## Exercise goal
Leaving out all pictures, transcribe the lines below exactly, from the first through the line containing "Just another day".

## Data for review
- - -

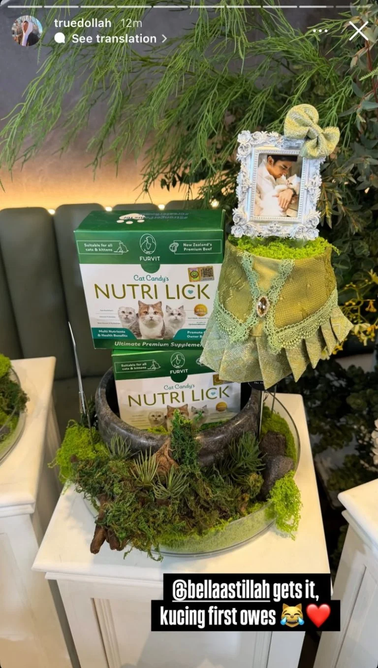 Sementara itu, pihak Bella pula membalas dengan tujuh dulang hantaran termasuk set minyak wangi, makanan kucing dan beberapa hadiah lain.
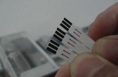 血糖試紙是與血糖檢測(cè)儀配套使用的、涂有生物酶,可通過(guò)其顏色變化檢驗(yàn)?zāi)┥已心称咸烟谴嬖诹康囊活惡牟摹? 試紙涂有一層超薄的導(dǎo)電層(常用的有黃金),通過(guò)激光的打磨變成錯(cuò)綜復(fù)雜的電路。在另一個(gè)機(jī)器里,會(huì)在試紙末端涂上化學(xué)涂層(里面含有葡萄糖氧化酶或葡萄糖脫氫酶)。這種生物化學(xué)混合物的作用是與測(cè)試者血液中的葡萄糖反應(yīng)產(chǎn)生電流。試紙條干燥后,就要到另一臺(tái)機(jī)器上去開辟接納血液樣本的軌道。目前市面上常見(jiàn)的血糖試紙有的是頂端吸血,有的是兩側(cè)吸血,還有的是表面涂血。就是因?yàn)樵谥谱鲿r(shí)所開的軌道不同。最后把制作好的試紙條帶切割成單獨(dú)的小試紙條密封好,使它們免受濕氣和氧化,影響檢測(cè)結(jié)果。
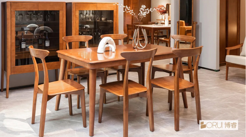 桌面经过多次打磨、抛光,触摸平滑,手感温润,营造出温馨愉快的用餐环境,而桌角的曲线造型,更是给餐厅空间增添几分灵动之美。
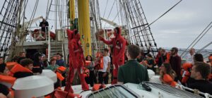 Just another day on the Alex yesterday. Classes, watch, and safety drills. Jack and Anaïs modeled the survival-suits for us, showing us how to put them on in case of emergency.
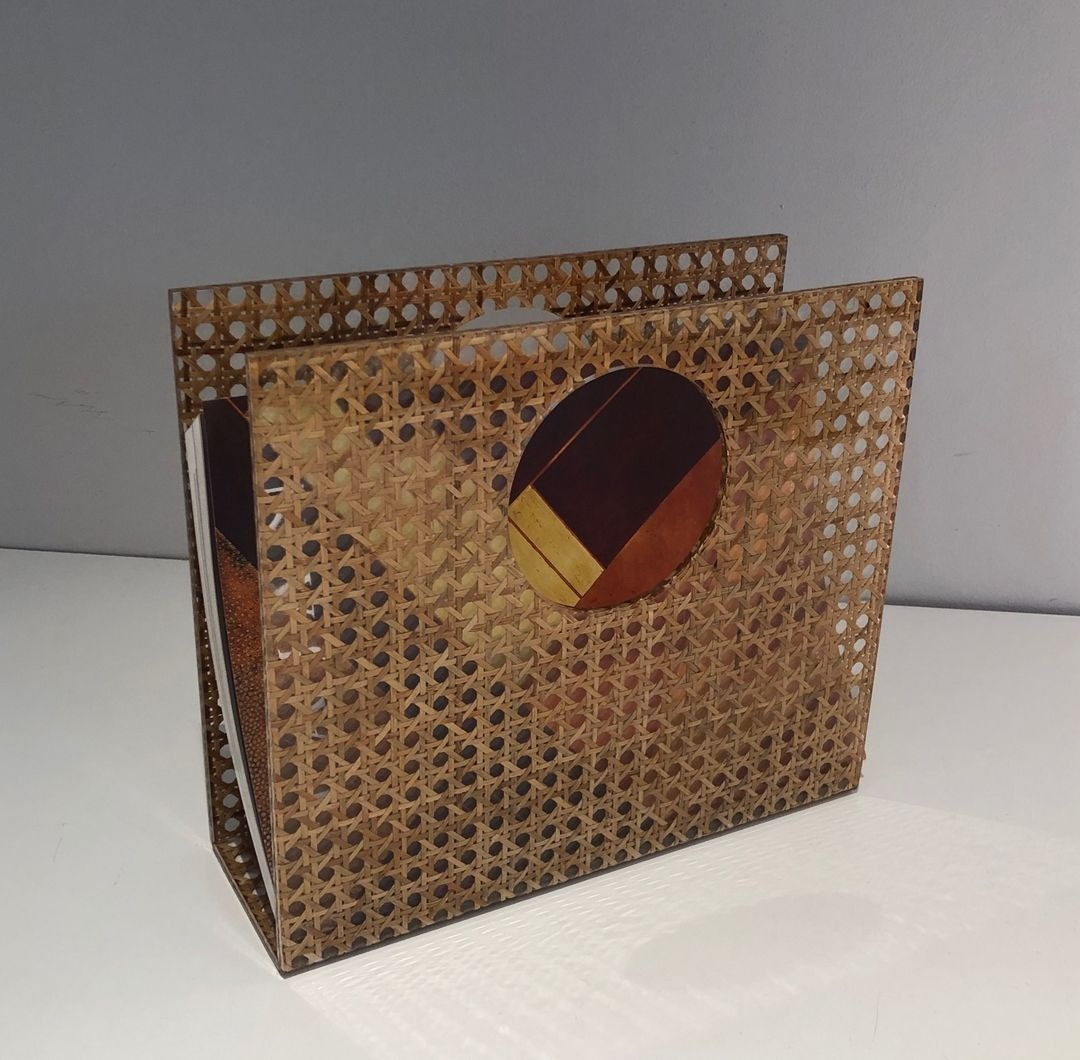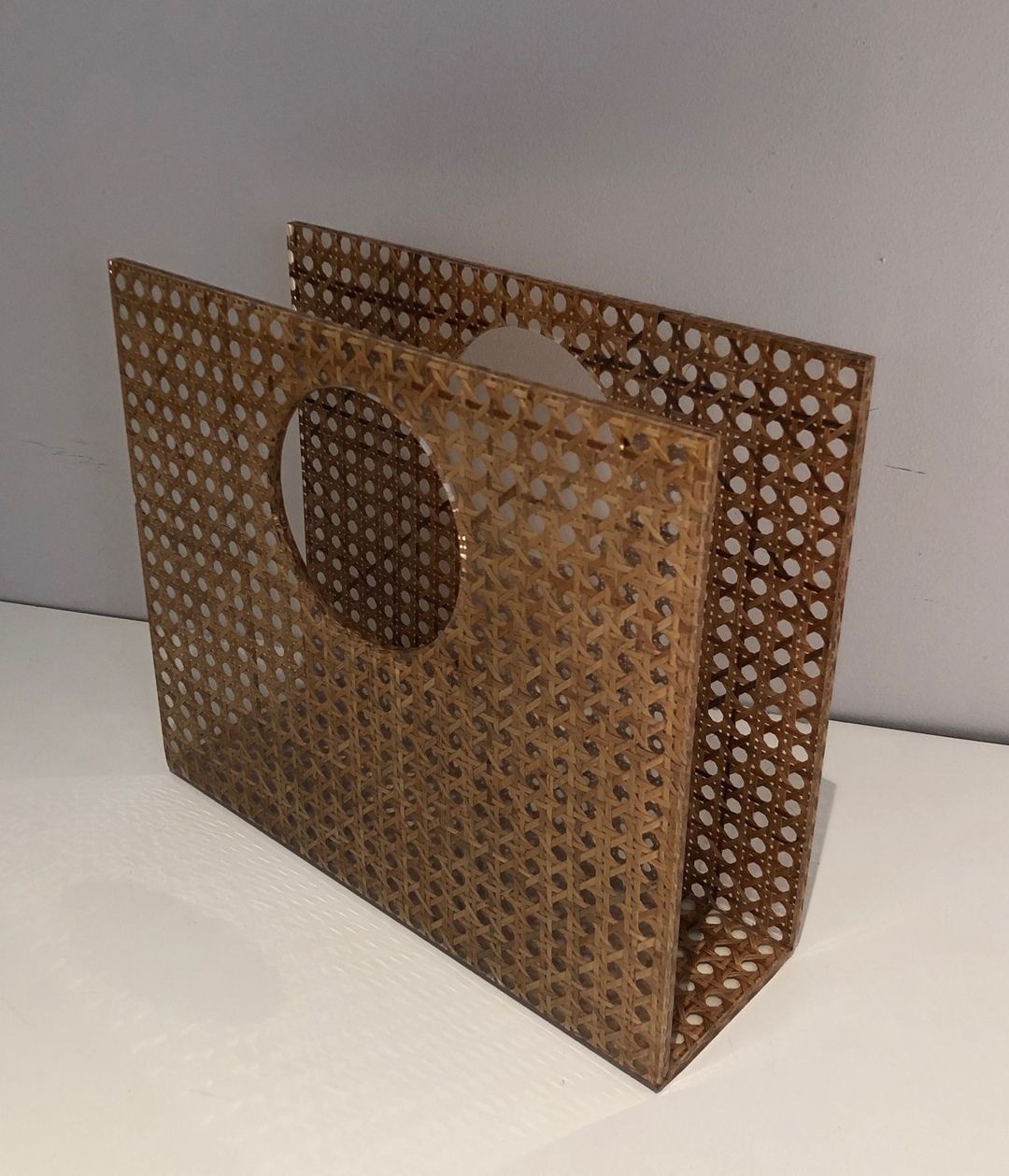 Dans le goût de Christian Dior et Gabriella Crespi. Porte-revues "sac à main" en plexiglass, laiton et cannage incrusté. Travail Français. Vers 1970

- - -

## Task response
 Sementara itu, pihak Bella pula membalas dengan tujuh dulang hantaran termasuk set minyak wangi, makanan kucing dan beberapa hadiah lain.
 血糖試紙是與血糖檢測(cè)儀配套使用的、涂有生物酶,可通過(guò)其顏色變化檢驗(yàn)?zāi)┥已心称咸烟谴嬖诹康囊活惡牟摹? 試紙涂有一層超薄的導(dǎo)電層(常用的有黃金),通過(guò)激光的打磨變成錯(cuò)綜復(fù)雜的電路。在另一個(gè)機(jī)器里,會(huì)在試紙末端涂上化學(xué)涂層(里面含有葡萄糖氧化酶或葡萄糖脫氫酶)。這種生物化學(xué)混合物的作用是與測(cè)試者血液中的葡萄糖反應(yīng)產(chǎn)生電流。試紙條干燥后,就要到另一臺(tái)機(jī)器上去開辟接納血液樣本的軌道。目前市面上常見(jiàn)的血糖試紙有的是頂端吸血,有的是兩側(cè)吸血,還有的是表面涂血。就是因?yàn)樵谥谱鲿r(shí)所開的軌道不同。最后把制作好的試紙條帶切割成單獨(dú)的小試紙條密封好,使它們免受濕氣和氧化,影響檢測(cè)結(jié)果。
 桌面经过多次打磨、抛光,触摸平滑,手感温润,营造出温馨愉快的用餐环境,而桌角的曲线造型,更是给餐厅空间增添几分灵动之美。
 Just another day on the Alex yesterday. Classes, watch, and safety drills. Jack and Anaïs modeled the survival-suits for us, showing us how to put them on in case of emergency.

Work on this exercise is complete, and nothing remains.